> **Supplied data**:
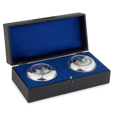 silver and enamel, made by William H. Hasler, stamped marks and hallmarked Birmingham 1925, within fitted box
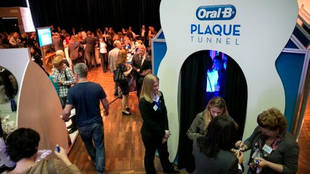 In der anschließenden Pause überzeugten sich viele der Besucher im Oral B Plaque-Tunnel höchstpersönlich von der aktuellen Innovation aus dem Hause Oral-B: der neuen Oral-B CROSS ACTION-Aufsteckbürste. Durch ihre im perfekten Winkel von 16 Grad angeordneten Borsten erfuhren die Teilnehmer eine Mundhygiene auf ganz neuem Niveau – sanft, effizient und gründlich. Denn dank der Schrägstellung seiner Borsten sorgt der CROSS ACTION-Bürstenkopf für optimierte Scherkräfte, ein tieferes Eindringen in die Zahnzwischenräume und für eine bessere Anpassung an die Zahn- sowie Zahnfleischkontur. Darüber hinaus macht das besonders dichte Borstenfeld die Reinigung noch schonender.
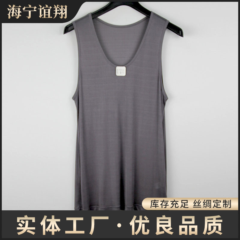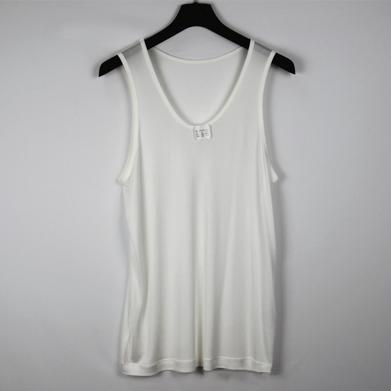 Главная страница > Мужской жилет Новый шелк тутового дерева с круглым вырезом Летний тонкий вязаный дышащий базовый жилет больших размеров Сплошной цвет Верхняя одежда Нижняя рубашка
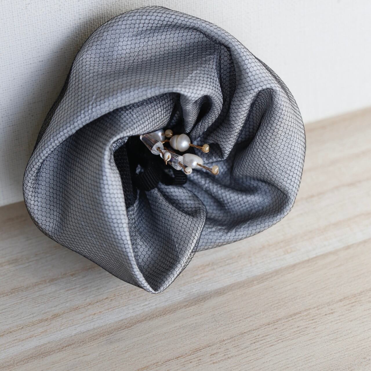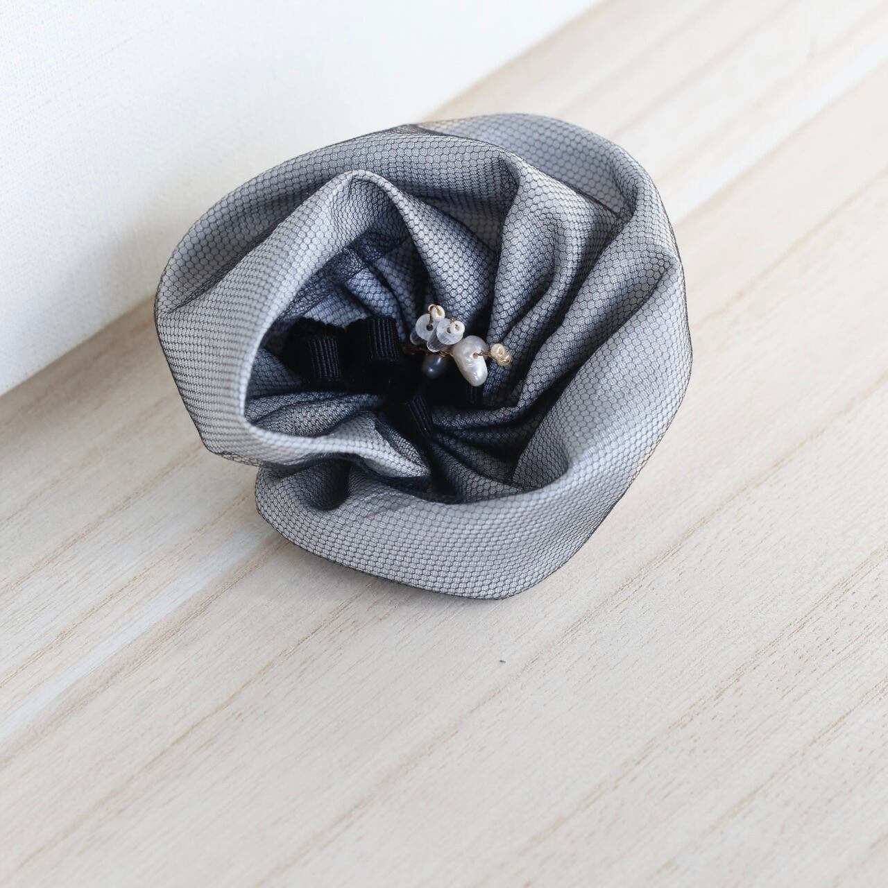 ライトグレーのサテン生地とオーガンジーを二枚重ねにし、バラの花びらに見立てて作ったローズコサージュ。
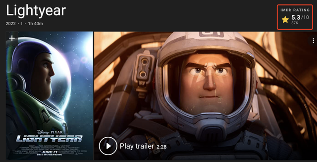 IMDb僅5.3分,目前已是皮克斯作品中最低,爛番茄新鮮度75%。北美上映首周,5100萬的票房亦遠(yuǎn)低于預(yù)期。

* * *

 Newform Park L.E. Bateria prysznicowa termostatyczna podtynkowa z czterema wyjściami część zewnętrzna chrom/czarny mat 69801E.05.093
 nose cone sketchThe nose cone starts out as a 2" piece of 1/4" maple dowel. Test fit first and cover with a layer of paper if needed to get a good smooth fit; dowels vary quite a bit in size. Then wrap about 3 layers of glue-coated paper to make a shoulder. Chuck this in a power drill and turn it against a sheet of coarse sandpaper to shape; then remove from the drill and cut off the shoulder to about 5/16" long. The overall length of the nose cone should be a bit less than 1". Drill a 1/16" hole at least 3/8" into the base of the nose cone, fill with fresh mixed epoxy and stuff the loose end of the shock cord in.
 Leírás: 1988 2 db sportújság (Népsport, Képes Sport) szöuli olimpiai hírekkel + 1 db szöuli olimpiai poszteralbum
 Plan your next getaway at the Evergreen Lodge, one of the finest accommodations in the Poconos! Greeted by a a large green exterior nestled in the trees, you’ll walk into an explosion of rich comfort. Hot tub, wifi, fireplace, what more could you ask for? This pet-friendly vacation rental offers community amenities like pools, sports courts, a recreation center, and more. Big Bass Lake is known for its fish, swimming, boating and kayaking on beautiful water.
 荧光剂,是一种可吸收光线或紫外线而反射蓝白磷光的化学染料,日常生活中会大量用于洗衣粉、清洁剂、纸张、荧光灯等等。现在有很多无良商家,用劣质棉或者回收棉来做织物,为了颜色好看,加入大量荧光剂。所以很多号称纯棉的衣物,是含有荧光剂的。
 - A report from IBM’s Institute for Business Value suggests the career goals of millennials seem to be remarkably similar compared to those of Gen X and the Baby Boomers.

> **Work item**: Return, word for word, the lines of the data above from the line with "荧光剂,是一种可吸收光线或紫" through the line with "- A report from", inclusive.

> **Output of the exercise**:
 荧光剂,是一种可吸收光线或紫外线而反射蓝白磷光的化学染料,日常生活中会大量用于洗衣粉、清洁剂、纸张、荧光灯等等。现在有很多无良商家,用劣质棉或者回收棉来做织物,为了颜色好看,加入大量荧光剂。所以很多号称纯棉的衣物,是含有荧光剂的。
 - A report from IBM’s Institute for Business Value suggests the career goals of millennials seem to be remarkably similar compared to those of Gen X and the Baby Boomers.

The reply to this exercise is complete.